Abstract
Accurate measurement of exposure to SARS-CoV-2 in the population is crucial for understanding the dynamics of disease transmission and evaluating the impacts of interventions. However, it is particularly challenging to achieve this in the early phase of a pandemic because of the sparsity of epidemiological data. In our previous publication[1], we developed an early pandemic diagnostic tool that can link minimum datasets: seroprevalence, mortality and infection testing data to estimate the true exposure in different regions of England and found levels of SARS-CoV-2 population exposure are considerably higher than suggested by seroprevalence surveys. Here, we re-examined and evaluated the model in the context of reconstructing the first COVID-19 epidemic wave in England from three perspectives: validation from ONS Coronavirus Infection Survey, relationship between model performance and data abundance and time-varying case detection rate. We found that our model can recover the first but unobserved epidemic wave of COVID-19 in England from March 2020 to June 2020 as long as two or three serological measurements are given as model inputs additionally, with the second wave during winter of 2020 validated by the estimates from ONS Coronavirus Infection Survey. Moreover, the model estimated that by the end of October in 2020 the UK government’s official COVID-9 online dashboard reported COVID-19 cases only accounted for 9.1% (95%CrI (8.7%,9.8%)) of cumulative exposure, dramatically varying across two epidemic waves in England in 2020 (4.3% (95%CrI (4.1%, 4.6%)) vs 43.7% (95%CrI (40.7%, 47.3%))).
Introduction
The COVID-19 pandemic has inflicted devastating effects on global populations and economies [2, 3] and now still affecting countries in many different ways. Reviewing the challenges posted by the COVID-19 pandemic and evaluating previous responses is vital important for future pandemic preparedness [4-7]. Accurate estimation of exposure remains crucial for understanding the dynamics of disease transmission and assessing the impacts of interventions along different stages of pandemic. However, this is particularly challenging in the early phase since most of the characteristics of the pathogen are unknown and at the same time epidemiological data are sparse.

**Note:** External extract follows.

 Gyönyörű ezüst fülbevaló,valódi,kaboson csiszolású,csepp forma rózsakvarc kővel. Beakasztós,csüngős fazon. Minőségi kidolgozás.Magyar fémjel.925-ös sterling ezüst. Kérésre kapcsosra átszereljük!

Confirmed COVID-19 cases was typically the first type of data to be collected and reported mostly due to the syndrome surveillance systems [8, 9]. However, it usually underestimates the true exposure in the population because of the limited capacity of diagnoses, the unsolid definition of cases, testing criteria and etc. Large-scale viral infection survey in the community can help to solve the testing issue. For example, the UK Office for National Statistics (ONS) conducted a national wide COVID-19 viral testing survey, namely Covid Infection Survey (CIS) [10] that successfully tracked the trajectories of COVID-19 infections in the community of UK since April of 2020. Because of its representative sampling across households in the general population this study is recognised to have a strong power to capture asymptomatic infections which might be missed out by symptomatic testing scheme in the early pandemic and can provide reliable estimates of prevalence over time [11]. However, this study started collecting samples from April of 2020 and then reporting the estimates of daily incidence from May of 2020 while the first death due to COVID-19 disease in the UK was documented in February 2020 [12]. This implies that the transmission of COVID-19 in the community began earlier than the survey, and the survey might not be able to recover the early epidemic curve.

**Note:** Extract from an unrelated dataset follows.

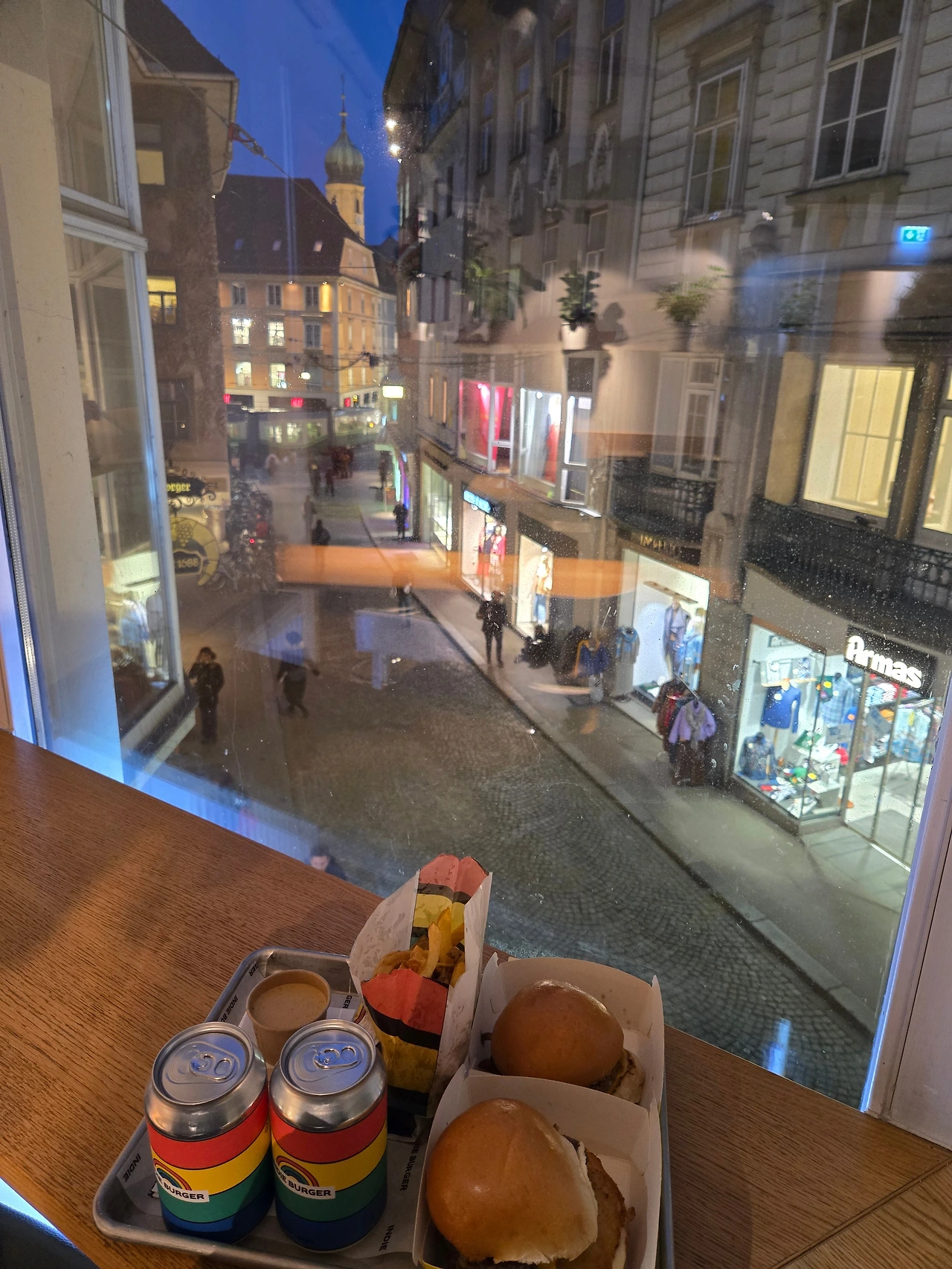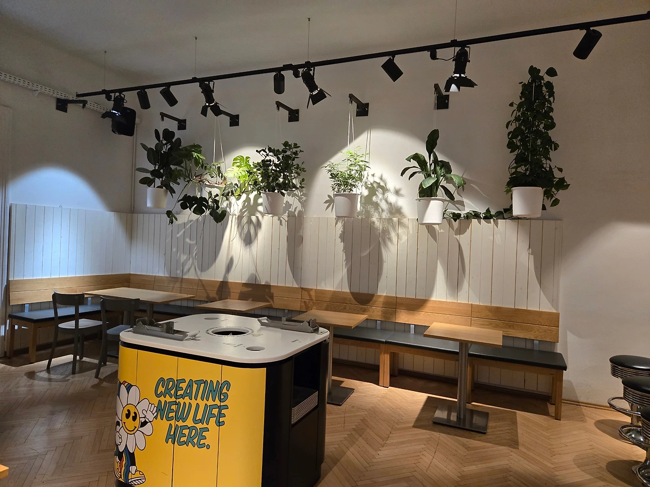 가게의 내부 전경_프랜차이즈 버거집 인테리어 + 플랜테리어가 묘하게 섞였다. 이유는 가게에서 나오는 음식물 쓰레기를 퇴비로 분해해 그것으로 작물을 기른다는 친환경이 콘셉트이기 때문이다. 우리나라의 많은 가정들이 집집마다 음식물 쓰레기 처리기가 있다는 놀라운 사실을 얘기해 줬다. 기본 버거와 새우패티가 들어간 버거, 감자튀김 (시그니처소스 추가), 귀엽게 포장한 일반 맥주. 맛은 건강한 맛이었다. (맛은 나쁠 게 없으나 사악한 가격으로 앞으론 오스트리아에서 버거는 해 먹으려 한다.)

Serologic studies that measure how many people have antibodies against the virus are a promising tool for pinning down the stage of the pandemic because of its ability of capturing past infections regardless of clinical symptoms [13]. If the antibody elicited by the virus lasts for lifetime, representative sampling in a population followed by the antibody testing will provide robust estimates of exposure. However, cohort studies following individuals over time after they’ve had a known COVID-19 infection were able to determine that antibodies are only measurable up to 6–9 months [14-16], on average, varying across testing assay [17] and antigen types [18]. The immediate implication is that serological studies will inevitably under-estimate the number of people exposed, since some will have a lower antibody count when the study is conducted and test negative. Linking multiple publicly available datasets, we proposed a method that have been published previously [1] to estimate the true level of exposure after considering the antibody decay. Here we further examined and evaluated the model in the context of reconstructing the first COVID-19 pandemic from three perspectives: validation from ONS Infection Survey, relationship between model performance and data abundance and time-varying case detection rate.
Result
Reconstruction of the early epidemic
In our previous paper, we presented a simple model to link together three key metrics for evaluating the progress of an epidemic, applied to the context of SARS-CoV-2 in England: antibody seropositivity, infection incidence and number of deaths. We use these three metrics to estimate the antibody seroreversion rate and region-specific infection fatality ratios. In doing so, the cumulative number of infections in England are estimated, showing that cross-sectional seroprevalence data underestimate the true extent of the SARS-CoV-2 epidemic in England in the early pandemic. Estimates for the IgG (spike) seroreversion rate and IFR are broadly consistent with other studies, which supports the validity of these findings.
The model was set up based on the important observation about the COVID-19 infection timeline that seroconversion in individuals who survive occurs at approximately the same time as death for those who do not. Therefore, a simple ordinary differential equation (ODE) was formulated to model the rate of change in the number of seropositive individuals in different regions of England which will increase as new infections were generated that was calculated by the daily number of deaths dividing by infection fatality ratio and will decrease as antibody decay. The model predicted seropositive population were fitted to observed seroprevalence using a Bayesian observation model.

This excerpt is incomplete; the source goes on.